The Superhero Handbook is in the same series as The Superhero Comic Kit that I reviewed at GeekDad previously. It’s much smaller than the Comic Kit, in a trade paperback size. It’s red and exciting, full of starbursts and comic-style graphics. It’s mostly a reference and activity book, but there are several places for those creating their super persona to mark things off a list, draw ideas, or brainstorm names. It also includes plenty of notes that indicate if kids will need help with an activity (a reliable sidekick) or if an activity is particularly messy.
I’m the type of person who is greatly influenced by someone else’s mood and how they express themselves. Enthusiasm is contagious with me. Thus, I love books like this. The book is full of excitement, so I’m excited. This kind of thing often works on kids, too, so give it a try on your geekling. They recommend the book for ages 6 and up. Go through the book in order, starting with choosing your superhero name, or jump around, doing the steps in the order you or your kid is inspired. But, for sure, begin with the Superhero Oath, which emphasizes that being a superhero is about promoting peace and combating wrong-doing in the world. It’s a moral imperative.

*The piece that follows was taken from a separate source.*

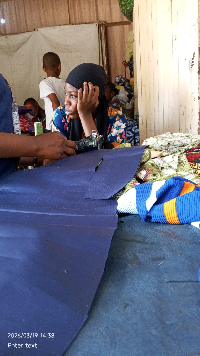 This image depicts an indoor tailoring workshop in Gama, Nigeria, at approximately 14:38 on March 19, 2026
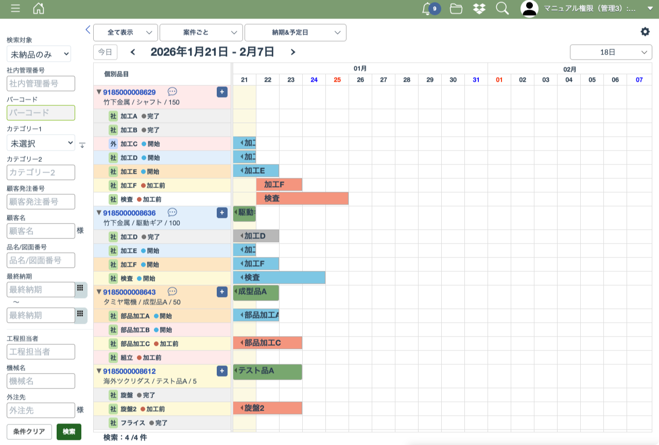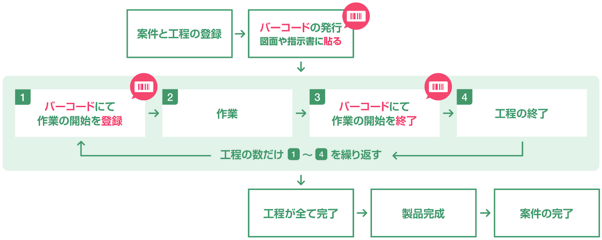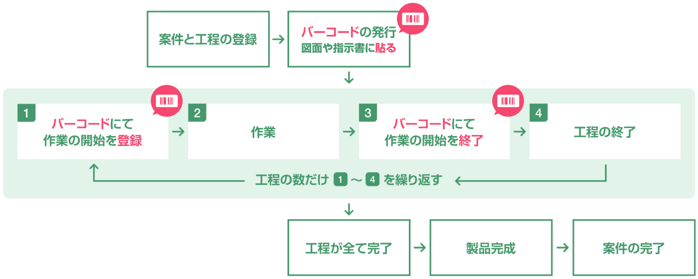 上記の図のような作業の開始、終了の記録を取らずに工程の完了だけを管理するような使い方も可能です。導入当初は工程の完了だけで運用をはじめて、慣れてきたら開始、終了の記録を取るような段階的な導入も可能です。

Then tackle issues such as figuring out what your superpower is, whether you want a sidekick, learn how to put together your stash of tools to fight evil, and maybe devise some secret codes.
Once you finish your superhero training, you receive the superhero certificate in the back of the book. Now you can fight injustice, promote peace, and do science! The back of the book also has a sheet of stickers featuring the superheroes, supervillains, and plenty of ZAP! CRUNCH! SHAZAM! type words.
So, back to reality, how great is this book? It’s pretty darn cool. It packages 20 different activities, all based on science or personal expression, into the idea of forming your own superhero persona. For those motivated by comics and superheroes, but not so much by schooling, this book helps make learning more fun, and combined with something they already enjoy. Also, all or most of the supplies you’ll need for the activities are generally found around the house.
One thing I love about this book is that it puts boys and girls on an equal footing. For every image of a boy superhero, there is a girl superhero. Girls aren’t relegated to the craft activities while the boys fight the bad guys. It’s an even balance. And both boy and girl superheroes are drawn with full body coverage of their costumes. Nothing skimpy here.
The Superhero Handbook is available now, and would be the perfect summer activity for you or your kids. If more than one of your kids wants to take this complete superhero training course, I recommend one book per kid, because of the oath that needs signing, removable certificate, and places to write in the book. Or, maybe your whole family wants to do it. Then, by the fall, you’ll have a whole family of superheroes, ready to take on the world!
Note: I received a copy of the book for review purposes.